Have you ever watched a baseball game and seen a hitter walk up to the plate swinging the bat, touching seemingly random spots on the dirt, or even staring at one spot for a breath or two? These somewhat random routines are becoming more popular within applied research as many athletes and coaches ask: do routines work? Does tapping the bat in the dirt or taking a few deep breaths actually improve performance? Does bouncing and spinning the basketball before a free-throw shot help the player make the shot? While every athlete is unique in his/her routine selection, pre-performance routines can be found in almost any sport involving closed motor skills.

A pre-performance routine is a set of sequenced actions performed consistently before a specific sport performance. Pre-performance routines not only incorporate physical actions such as swinging a baseball bat or bouncing a basketball, but also provide the opportunity for psychological preparations such as visualization, deep breathing, or positive self-talk. Incorporating both physical and psychological skills are important in developing strong pre-performance routines.

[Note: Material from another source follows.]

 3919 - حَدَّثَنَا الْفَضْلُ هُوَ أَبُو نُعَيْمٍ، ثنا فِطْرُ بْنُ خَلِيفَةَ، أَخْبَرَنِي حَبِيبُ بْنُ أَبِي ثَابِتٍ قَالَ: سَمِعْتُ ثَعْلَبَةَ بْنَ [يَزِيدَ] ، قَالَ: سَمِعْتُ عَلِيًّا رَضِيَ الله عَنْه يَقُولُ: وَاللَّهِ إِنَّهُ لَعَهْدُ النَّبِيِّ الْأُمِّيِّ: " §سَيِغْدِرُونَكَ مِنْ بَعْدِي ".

Physical skills help prepare the body for action; most athletes wouldn’t run a marathon without stretching first. Psychological skills help clear the mind for the decision-making involved with action. Without psychological skills, negative thoughts can cloud cognition leaving an athlete struggling to make quick, accurate decisions.

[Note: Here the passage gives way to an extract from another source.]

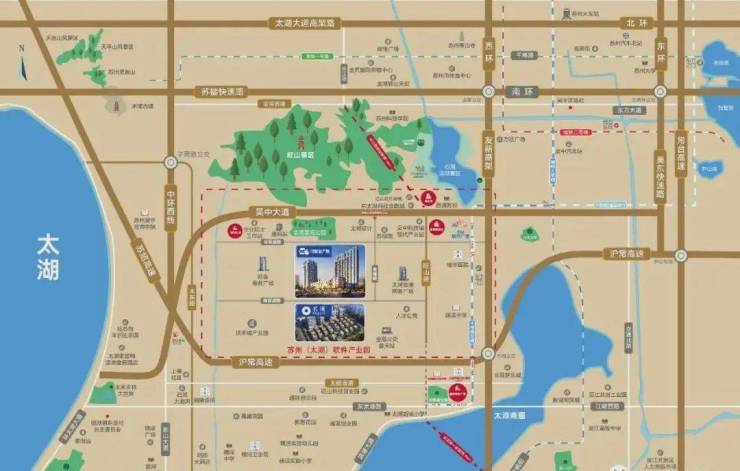 【15分钟吴中市区,30分钟园区市区】项目西沿吴中大道三分钟上中环西线,苏福快速路,南环高架直达市区,苏州三大高铁站极为便利

So why are pre-performance routines important? Why should athletes and coaches consider incorporating a routine into sport performance? Studies have shown that successful performance significantly increases when a pre-performance routine was implemented where one did not previously exist (2). Additionally, research has shown successful performance significantly increases when a routine is performed consistently (1).

While routines involve players, routines are not the sole responsibility of the athlete. Coaches can teach routines when teaching a new skill. If a player is struggling with devising a certain aspect of the game, the coach’s response should involve implementing a pre-performance routine, they should be encouraged to develop individual routines that address certain aspects of performance. Pre-performance preparation, both physical and mental, prior to performance can create optimal situations for athletes to perform at elite levels through pre-performance routines. By teaching pre-performance routines, essential tools for coaches can aid athletes in the increase of successful sport performances.

 

References

  1. Czech, D. R., Ploszay, A., & Burke, K. L. (2004). An examination of the maintenance of preshot routines in basketball free throw shooting. Journal of Sport Behavior, 27(4), 323-329.
  2. Foster, D. J., Weigand, D. A., & Baines, D. (2006). The effect of removing superstitious behavior and introducing a pre-performance routine on basketball free-throw performance. Journal of Applied Sport Psychology, 18(2), 167-171.

Caitlin Haworth has a bachelor’s degree in psychology and is currently a graduate student in the Sport and Exercise Psychology Master’s program at Springfield College in Springfield, Mass. She is an avid fan of all sports and enjoys incorporating psychological skills in sports consulting for sport performance enhancement.